***** INFORMATION SHOWN *****
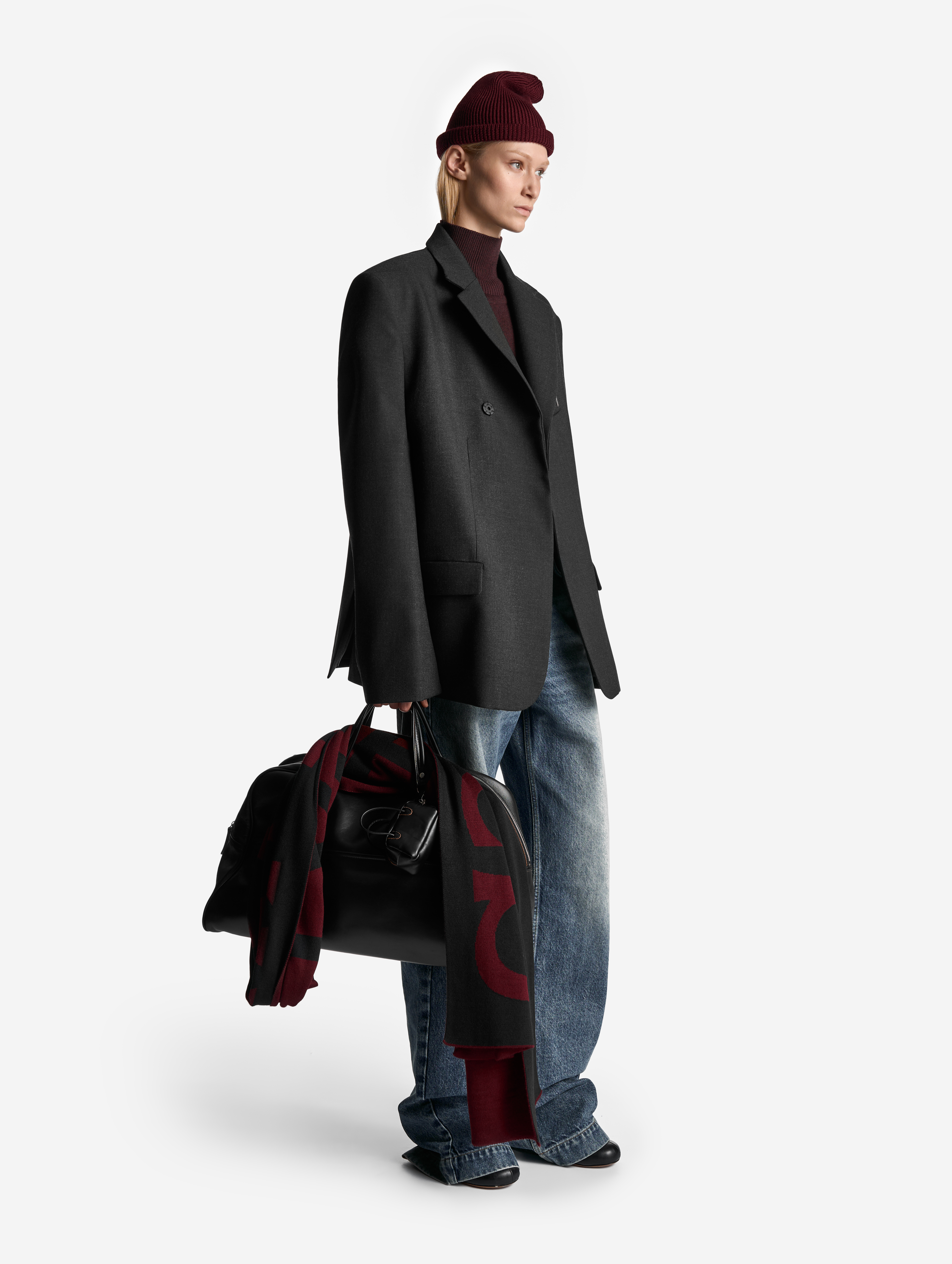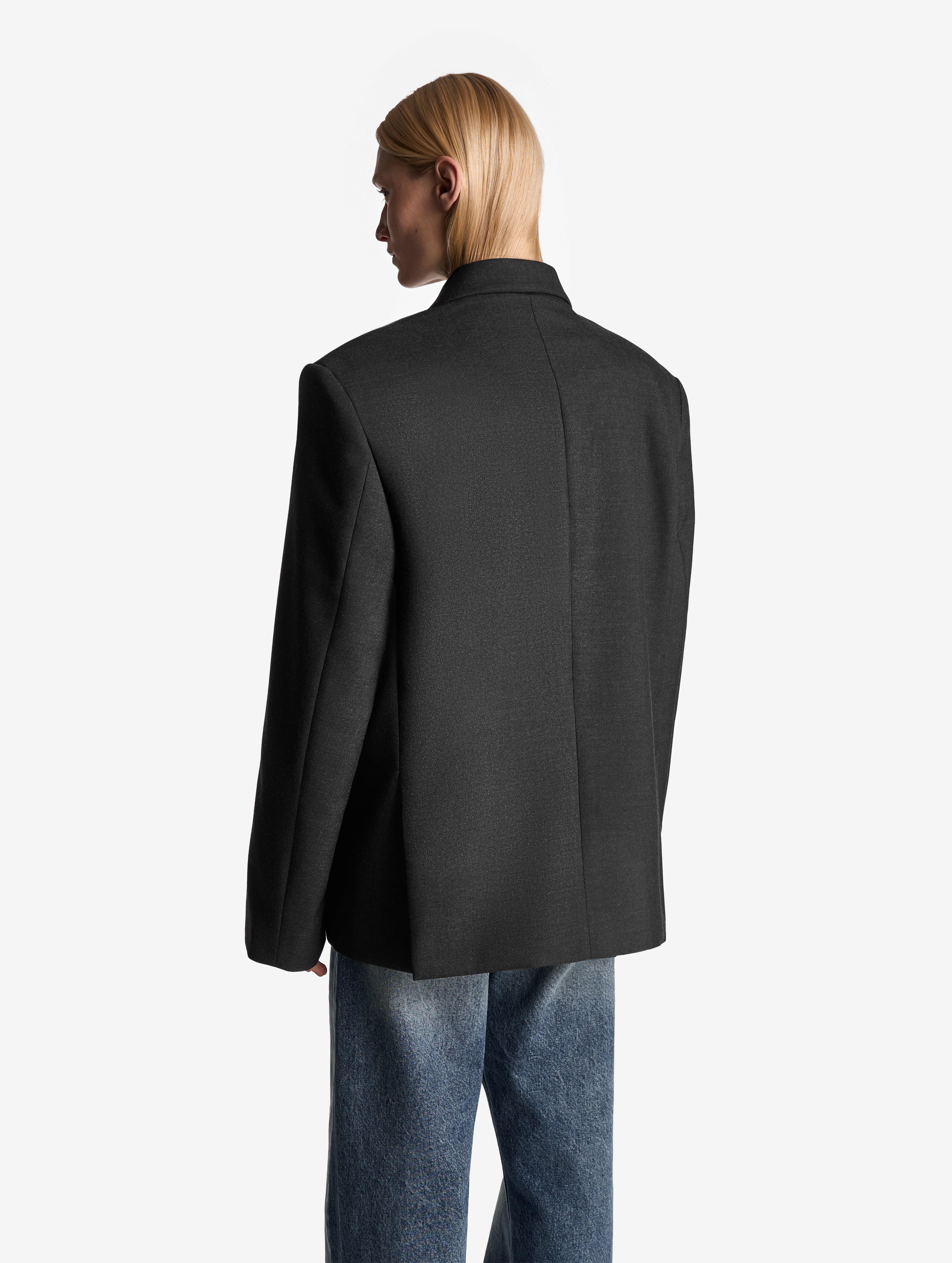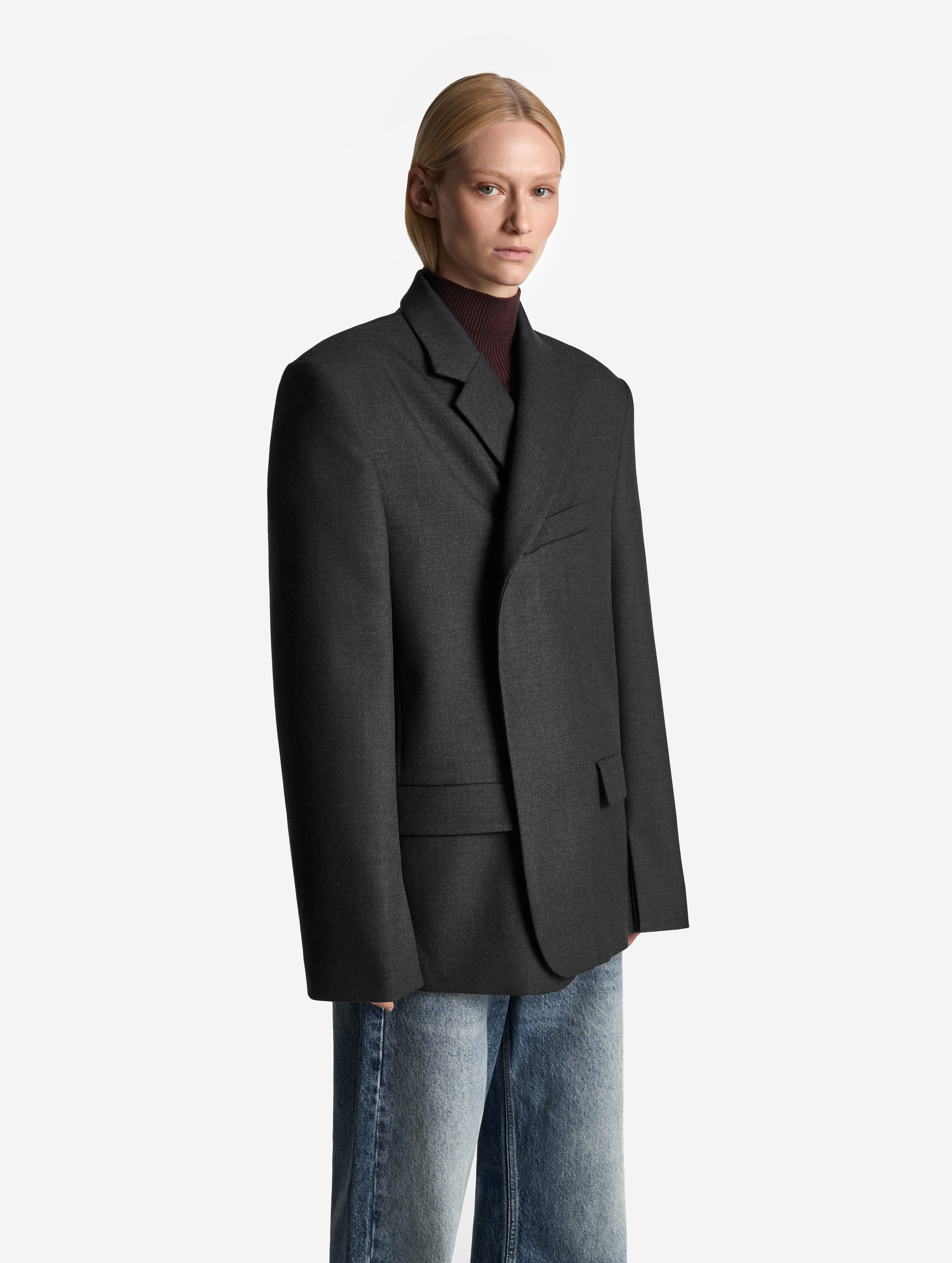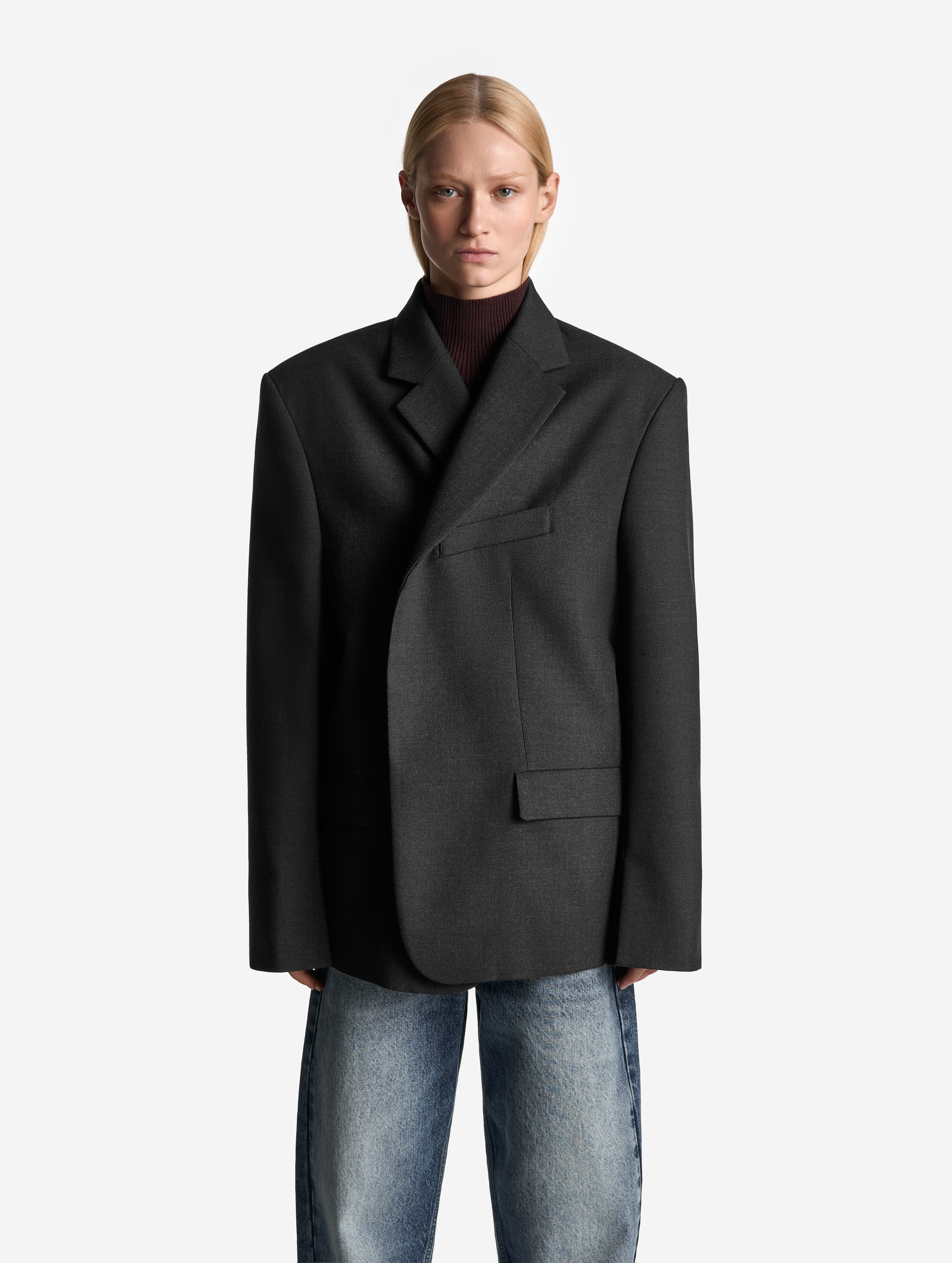 У пиджака объемные, выдающиеся плечи. В области груди изделие продублировано несколькими типами прокладок на основе конского волоса, поэтому пиджак будет долгие годы сохранять свою форму. У модели два боковых кармана и один нагрудный. Внутри тоже есть карман — на петле и пуговице. Пиджак застегивается на обтянутую сатином кнопку, которая намерено смещена от центра для создания эффекта запаха.
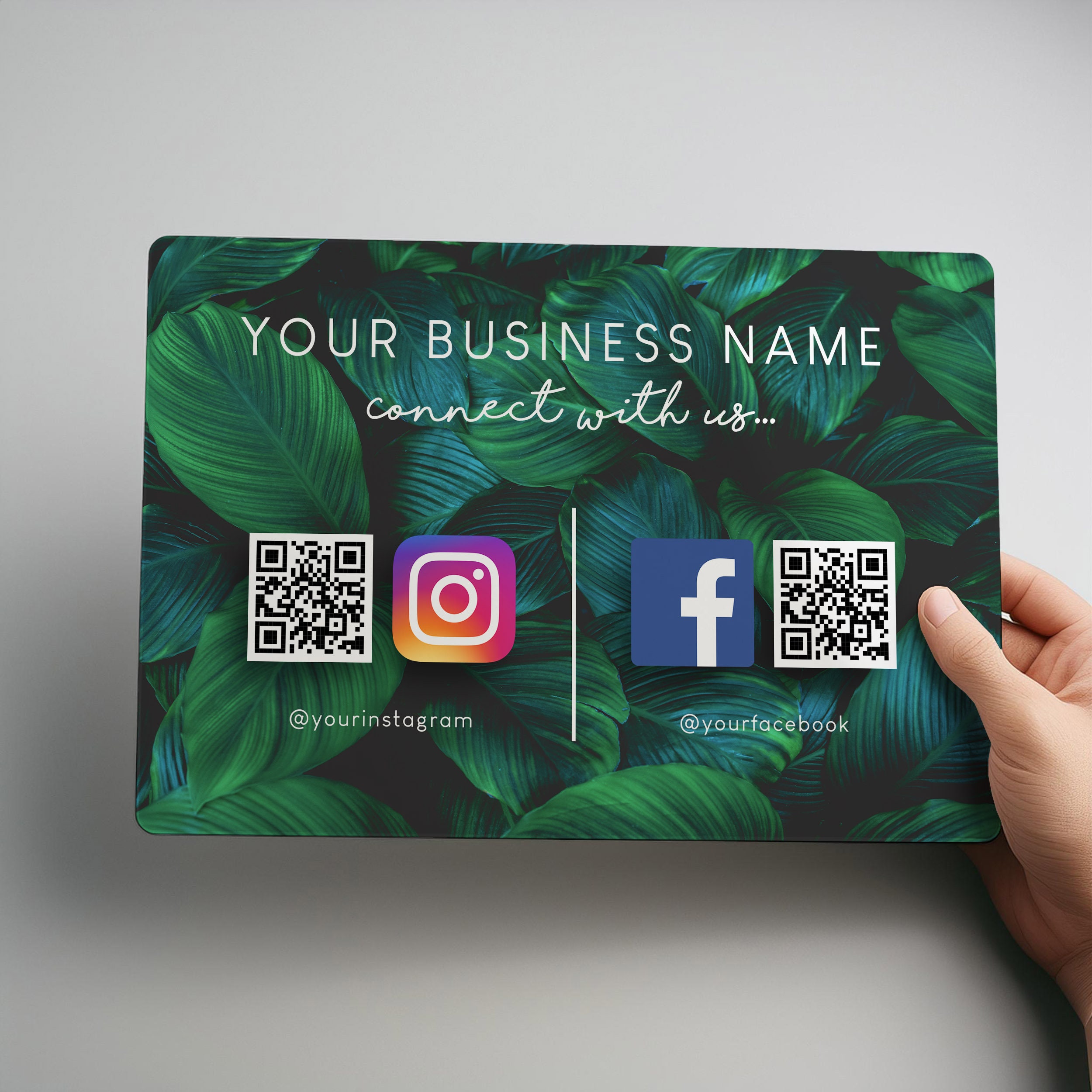 Boost your business visibility with this personalised social media sign featuring a scannable QR code for Facebook, Instagram, TikTok, Google, website links, or customer reviews – anything you like. Perfect for salons, boutiques, and small shops, this eye-catching display helps customers connect and follow your business instantly.
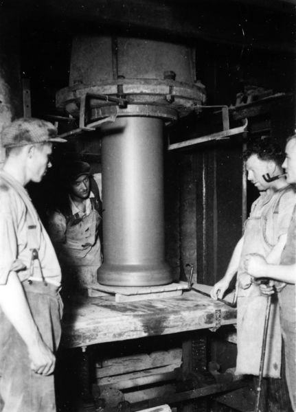 De walspers in de dertiger jaren. Greswarenfabriek Janssen-Willemsen. Rechts, met draagijzer, Michel Boerenkamp. Achter de pers Frits Smeets |
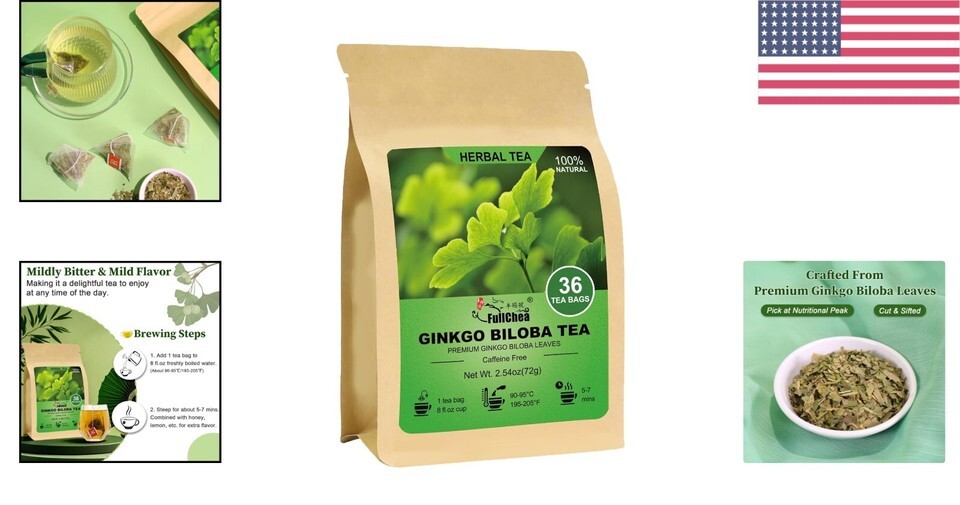 36 Ginkgo Biloba Tea Bags - Mildly Bitter, Earthy Flavor for Relaxation Focus
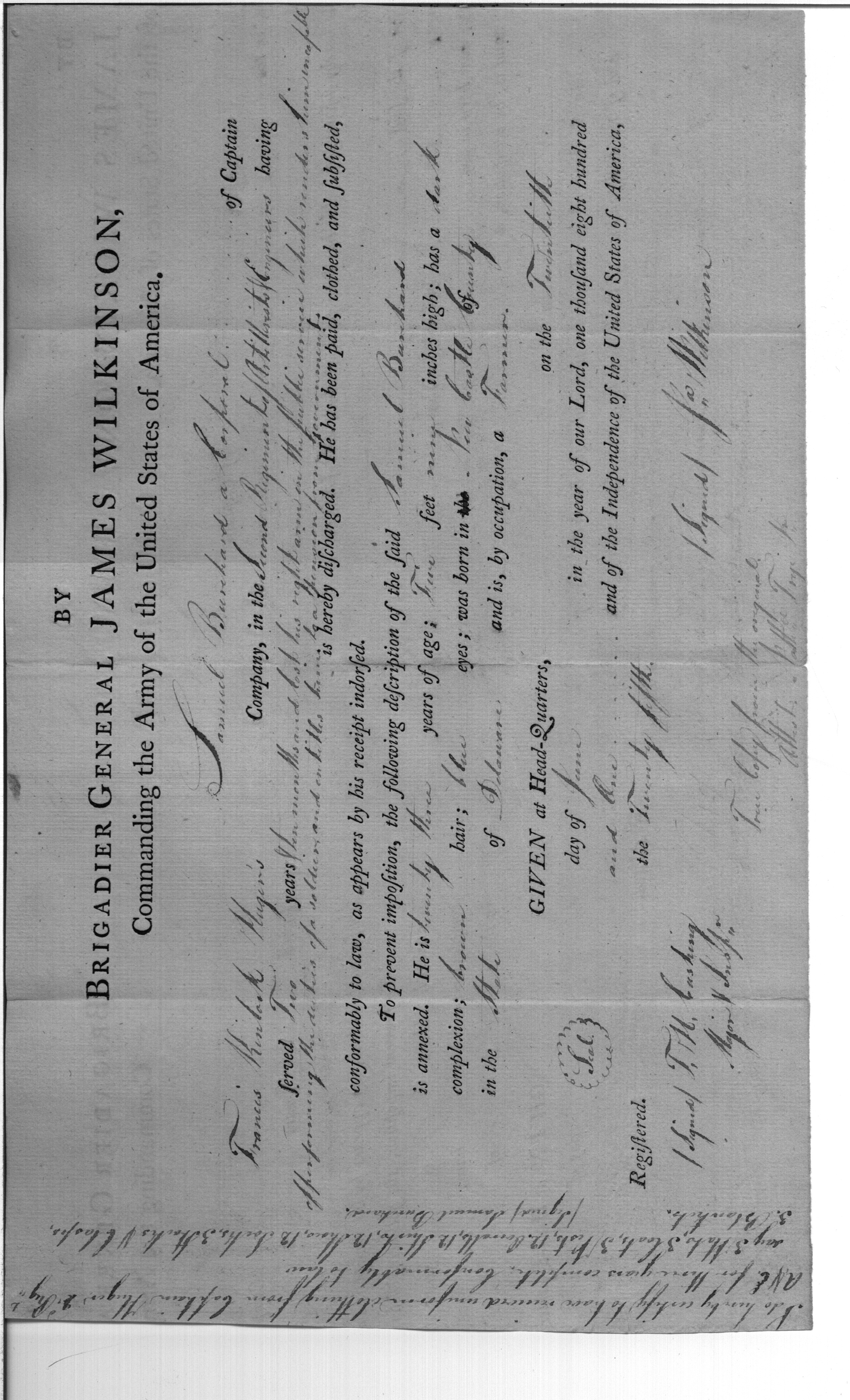 - Document: Discharge of Samuel Burchard from the army, by Brigadier General James Wilkinson
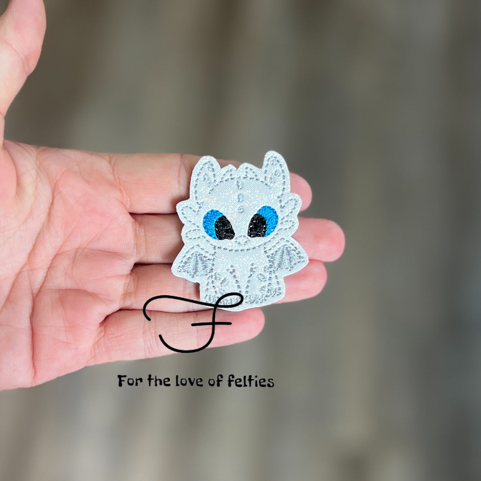 Felties are embroidered on a high-quality vinyl and backed with Olyfun. Feltie is approximately 2 inches. Felties can be used to embellish bows, badge reels, clips and scrapbooking.
*****
Leaving each picture behind, please give again exactly the lines above from the one with "Boost your business" through the one with "- Document: Discharge", both included, and no others.

 Boost your business visibility with this personalised social media sign featuring a scannable QR code for Facebook, Instagram, TikTok, Google, website links, or customer reviews – anything you like. Perfect for salons, boutiques, and small shops, this eye-catching display helps customers connect and follow your business instantly.
 De walspers in de dertiger jaren. Greswarenfabriek Janssen-Willemsen. Rechts, met draagijzer, Michel Boerenkamp. Achter de pers Frits Smeets |
 36 Ginkgo Biloba Tea Bags - Mildly Bitter, Earthy Flavor for Relaxation Focus
 - Document: Discharge of Samuel Burchard from the army, by Brigadier General James Wilkinson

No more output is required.